**WHAT THE TASK ASKS**
Skip the pictures, please, and write out exactly the lines from the opening of the data through the line containing "Maillot de baseball".

**DATASET EXTRACT**
====

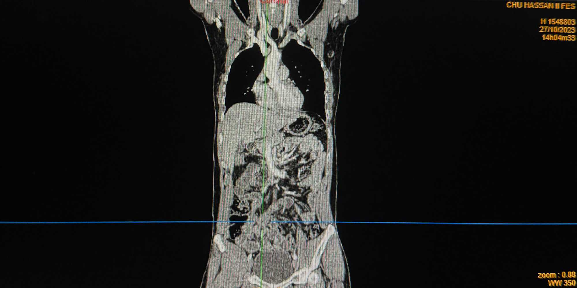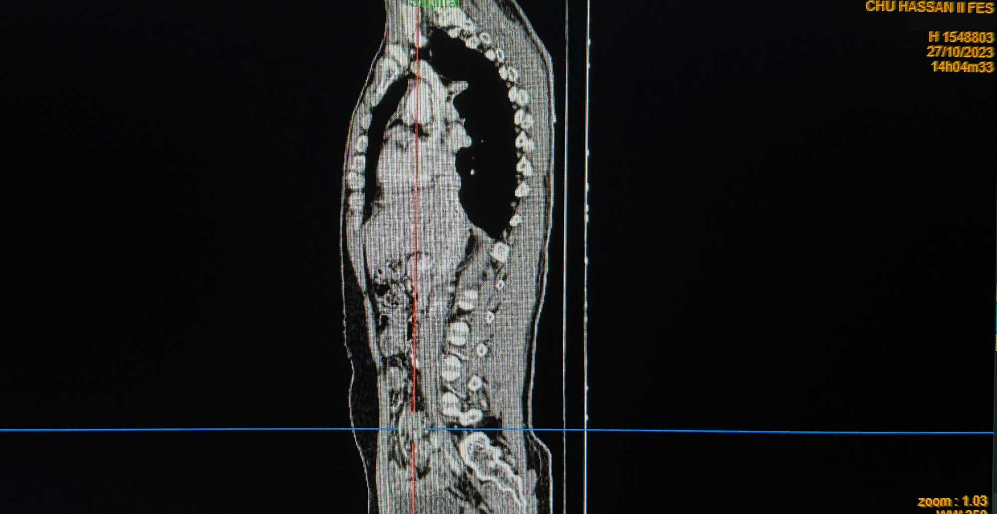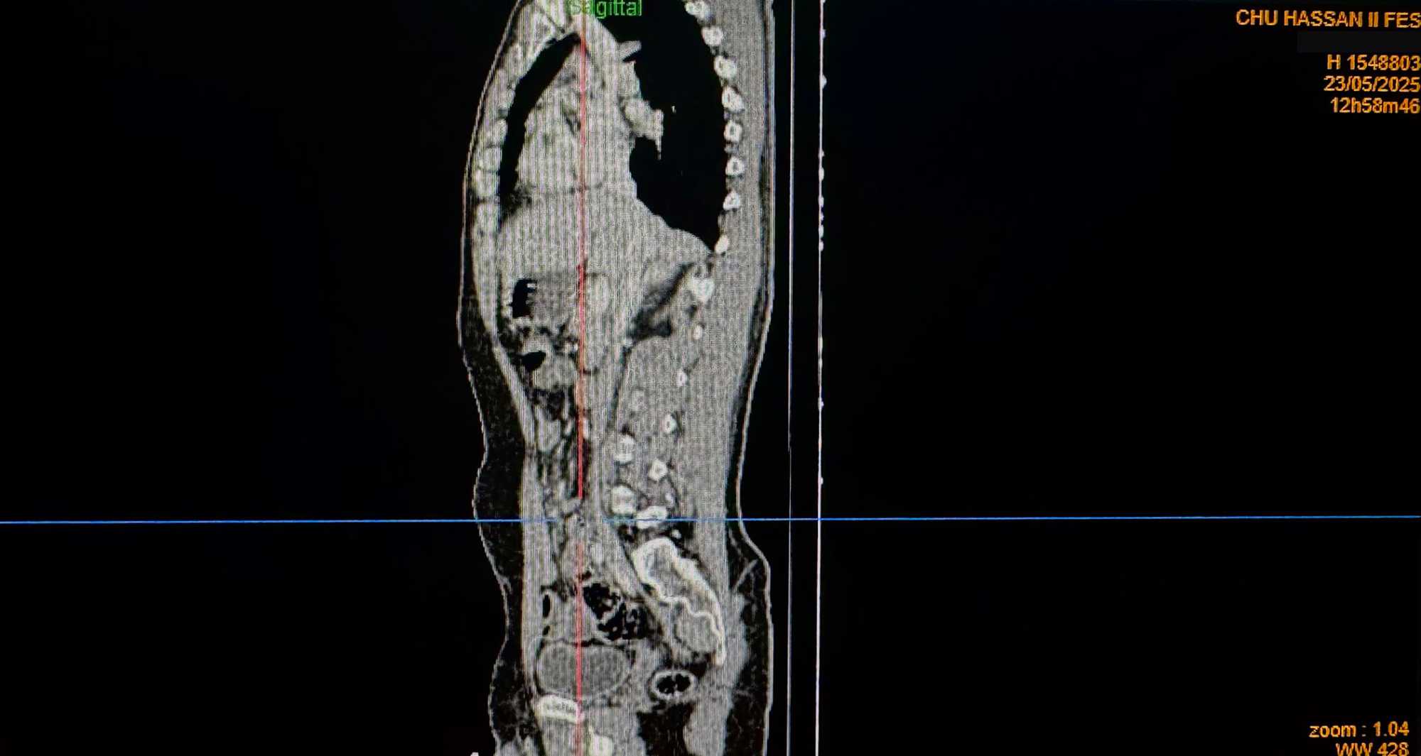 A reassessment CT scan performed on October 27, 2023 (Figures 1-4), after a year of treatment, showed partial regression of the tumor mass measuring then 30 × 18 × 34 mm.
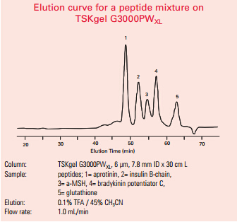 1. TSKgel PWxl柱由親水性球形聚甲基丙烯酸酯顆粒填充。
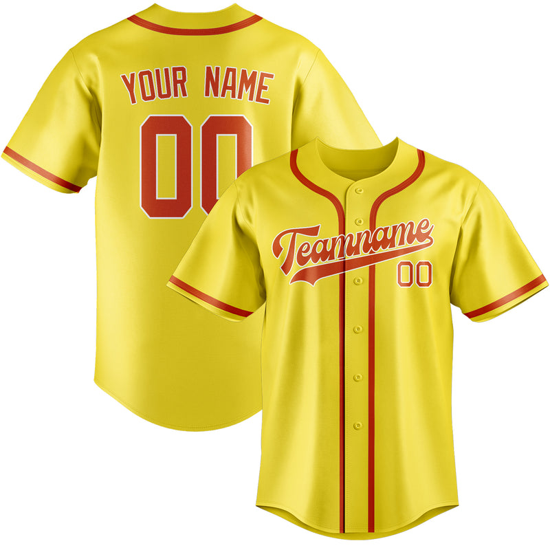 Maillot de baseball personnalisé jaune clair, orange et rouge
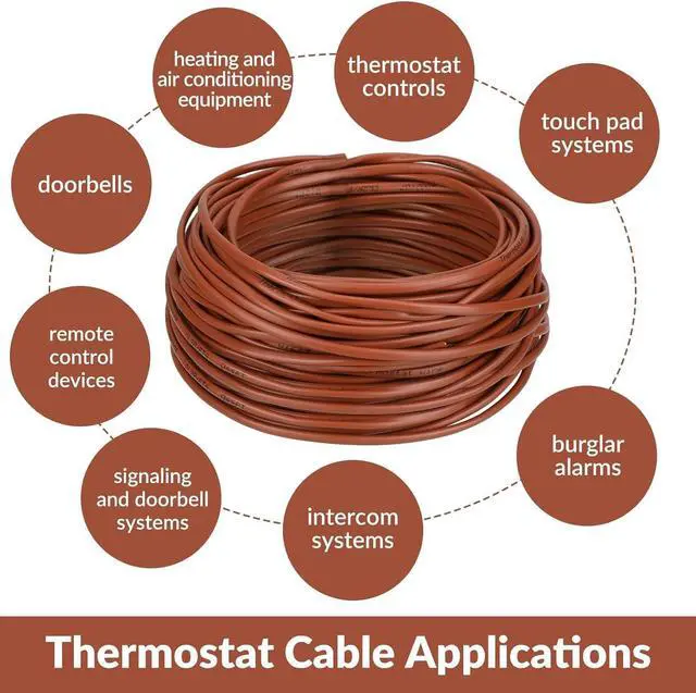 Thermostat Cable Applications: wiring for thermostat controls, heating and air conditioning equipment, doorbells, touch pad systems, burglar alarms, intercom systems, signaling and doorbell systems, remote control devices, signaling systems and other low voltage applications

====

**YOUR SOLUTION**
 A reassessment CT scan performed on October 27, 2023 (Figures 1-4), after a year of treatment, showed partial regression of the tumor mass measuring then 30 × 18 × 34 mm.
 1. TSKgel PWxl柱由親水性球形聚甲基丙烯酸酯顆粒填充。
 Maillot de baseball personnalisé jaune clair, orange et rouge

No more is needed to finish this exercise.